September 16, 2015
In the Matter of the Debt Collection Act Petition
SHARON M. HELMAN v. U.S. DEPARTMENT OF VETERANS AFFAIRS
P.S. Docket No. VA 14-397
APPEARANCE FOR PETITIONER:
Julia H. Perkins, Esq.
James P. Garay Heelan, Esq.
Shaw Bransford & Roth P.C.
APPEARANCE FOR RESPONDENT:
Kimberly Perkins McCleod, Esq.
David M. Reckart
U.S. Department of Veterans Affairs
FINAL DECISION UNDER THE DEBT COLLECTION ACT OF 1982
The Department of Veterans Affairs (VA) seeks to collect a debt from Sharon Helman.1 The VA alleges that it released Ms. Helman’s performance rating prematurely through an administrative error, resulting in the erroneous payment of a performance award and salary increase. The VA bears the burden to prove that it made an administrative error. Here, it has not met that burden, and thus it may not collect the assessed debt by administrative offset.
FINDINGS OF FACT
Ms. Helman’s Fiscal Year 2013 Performance Review
The VA’s Decision to “Pull Back” the Performance Rating
Document Production Issues
DECISION
The VA, relying on the Debt Collection Act, seeks to collect $9,080.60 from Ms. Helman based on the allegedly mistaken release of her performance rating in February 2014. To collect a salary overpayment under the Debt Collection Act, the VA must prove that Ms. Helman received a salary overpayment, the amount of the overpayment, and that she was not entitled to the payment. Kathryn L. Schrack, DCA 11-52, 11-53, 11-54 (August 26, 2011). Here, neither the receipt nor the amount of the alleged overpayment is in dispute. The only issue before me is Ms. Helman’s entitlement to keep the payments she received based on her performance rating, which the VA alleges was released through an administrative error.
Here, the VA has conceded that it did not have the authority to rescind a properly issued final performance rating given to a senior executive—even if the senior executive was under investigation (Finding 5). Acknowledging that lack of authority, the VA instead contends that an administrative error led to the inadvertent release of Ms. Helman’s performance rating in February 2014. Specifically, the VA contends that the Secretary exercised his discretion to defer Ms. Helman’s rating because she was under investigation (Findings 8–11).12 The VA believes that the Secretary then annotated the list with his intention to defer Ms. Helman’s rating, but an unnamed CSEMO employee later mistakenly entered a Level 4 rating for Ms. Helman. The VA thus contends that the performance rating it issued in February was not final. Because the rating was not final, the VA believes it had the authority to rescind the rating.

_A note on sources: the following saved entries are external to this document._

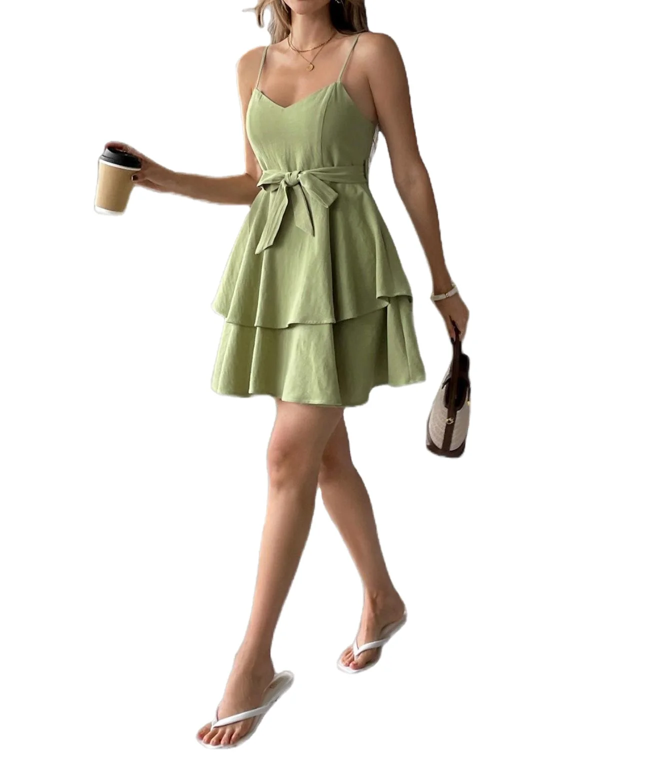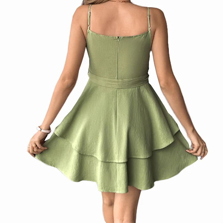 Custom High Quality Summer Causal Dress Sleeveless A-Line Belted High Waist slip Mini Skirt Sweet Style Short Dress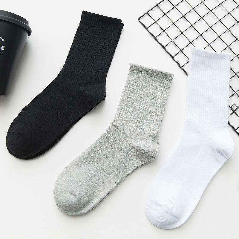 黒と白の靴下の女性の中筒の男性の靴下の純色の綿の男性の四季のタイプの通気性は汗の運動風の学生のストッキングの潮を吸います。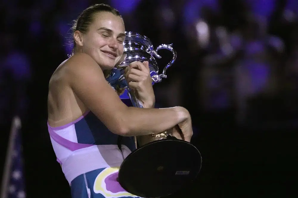 Aryna Sabalenka of Belarus hugs the Daphne Akhurst Memorial Trophy after defeating Elena Rybakina of Kazakhstan in the women's singles final at the Australian Open tennis championship in Melbourne, Australia, Saturday. (AP photo)
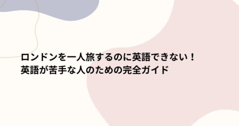 社会はじめに ロンドンを一人旅するのに英語ができないことについてご紹介します。 英語が苦手でも、ロンドンを一人旅してみたい!そんな夢を叶えるための完全ガイドをお届けします。 ロンドンは観光地として人気が高く、英語が話せなくて...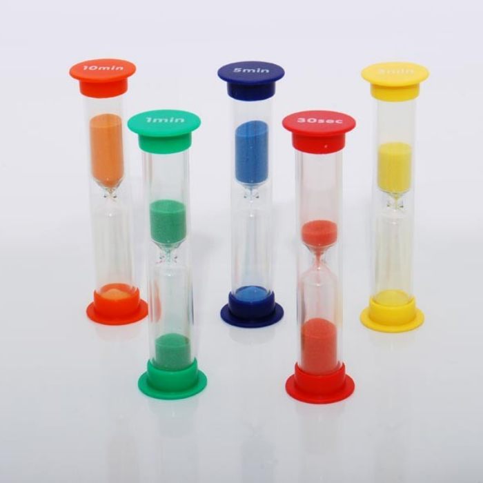 O conjunto contém um temporizador de areia de cada: 30 segundos, 1 min, 3 min, 5 min e 10 min.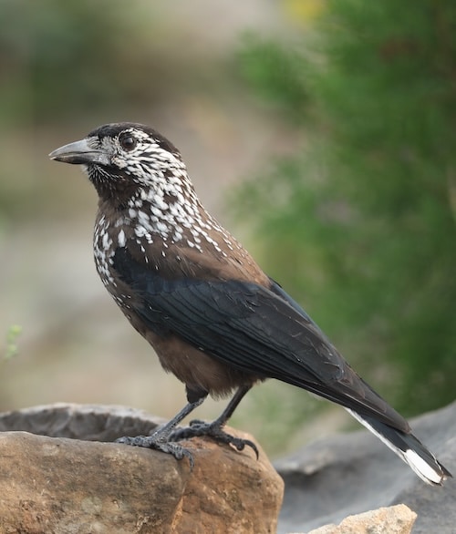 Species AccountLarge, distinctive corvid, roughly the size of a Eurasian Jay. Note the long and heavy bill, white-flecked face, and black cap. -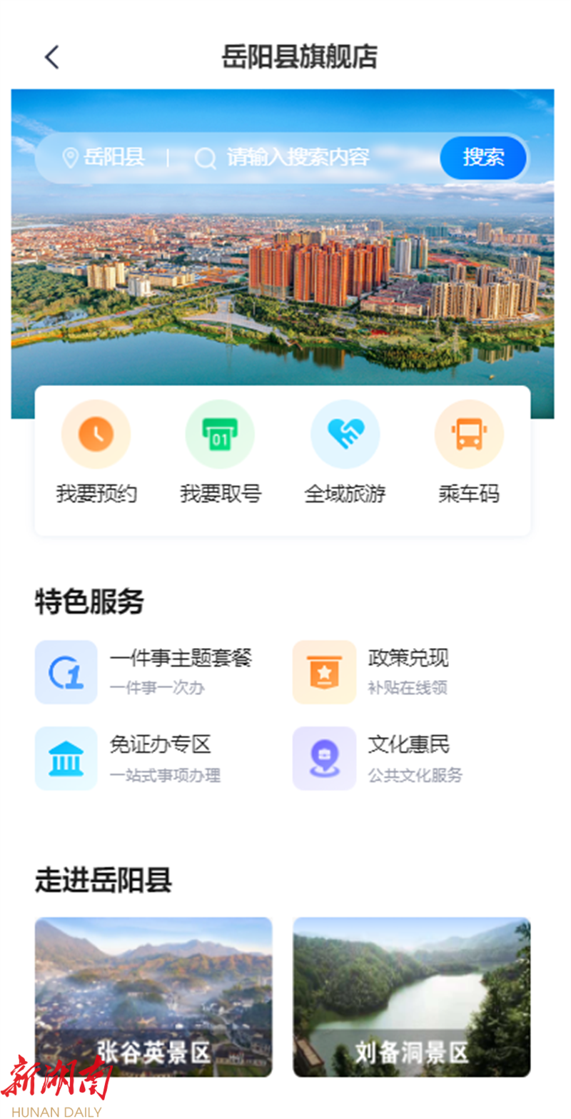 据悉,“湘易办”岳阳县旗舰店已于近日正式上线运行,内容覆盖即申即办、交通出行、教育考试、医疗健康、旅游消费、企业服务、人才就业、阳光补贴、便民缴费、适老关怀、便民服务十大主题,重点推出了“文化惠民、一件事一次办、政策兑现、免证办”4个本地特色服务,聚焦群众和企业高频办事需求,创新打造全域旅游、城市导航、健康岳阳县、不动产服务四个高频应用场景。截止目前,“湘易办”岳阳县旗舰店第一批已上线本地特色应用共100余项,各项惠民便民服务功能、应用场景仍在持续完善中。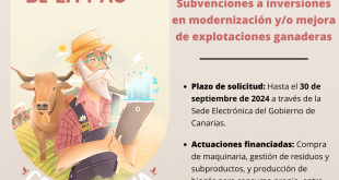 Estos fondos, gestionados por la Consejería de Agricultura, Ganadería, Pesca y Soberanía Alimentaria del Gobierno de Canarias y cofinanciados por el FEADER, la Comunidad Autónoma y el Estado, permiten acometer actuaciones como la compra de maquinaria, la gestión de residuos y subproductos, la producción de biogás para consumo propio, la instalación de equipos y sistemas de seguridad y control, y mejoras …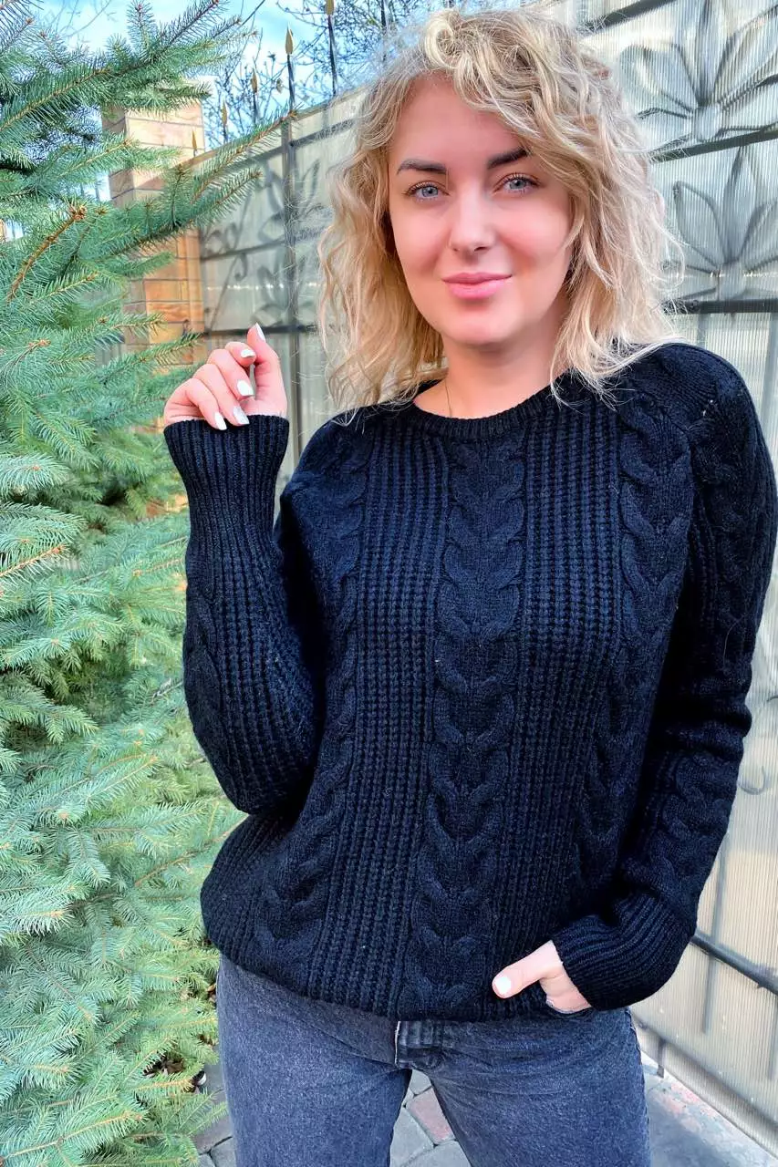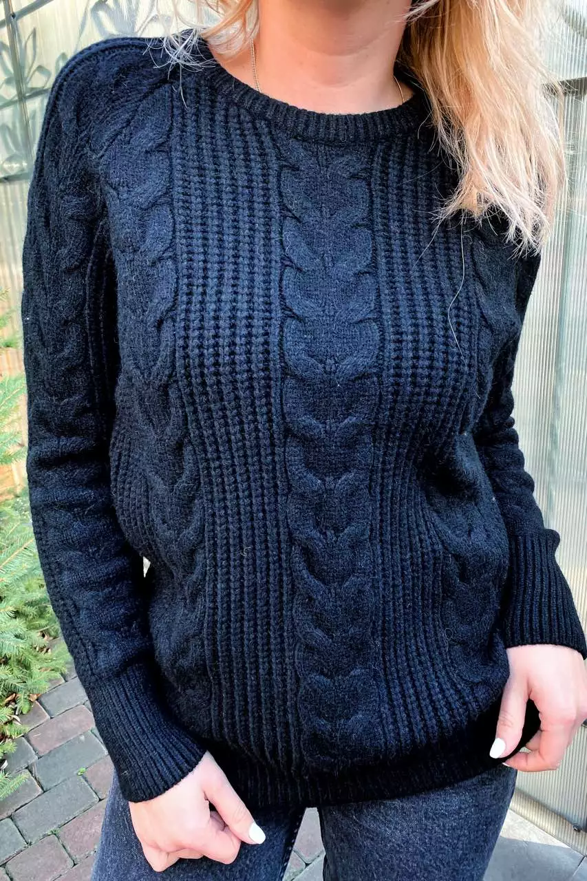 Трендовый свитер с косами фасона oversize - черный цвет, XL/XXL

This theory suffers from several weaknesses. As noted, the VA bears the burden to prove that it made an administrative error when it issued Ms. Helman’s performance rating in February 2014. Here, however, the record includes a signed performance rating issued by Secretary Shinseki that was released to Ms. Helman (Finding 12). The release of Ms. Helman’s rating—even if she were under investigation—was within the Secretary’s discretion under the policy memorandum issued by his authority in September 2013 (Finding 4). In light of that signed performance review, and the Secretary’s discretion to release it, the VA must come forward with evidence to prove that: (1) Secretary Shinseki affirmatively exercised his discretion to defer the performance rating in February 2014; and (2) his original intent was negated by an administrative error when a CSEMO employee incorrectly input the final performance rating into the VA’s computer system.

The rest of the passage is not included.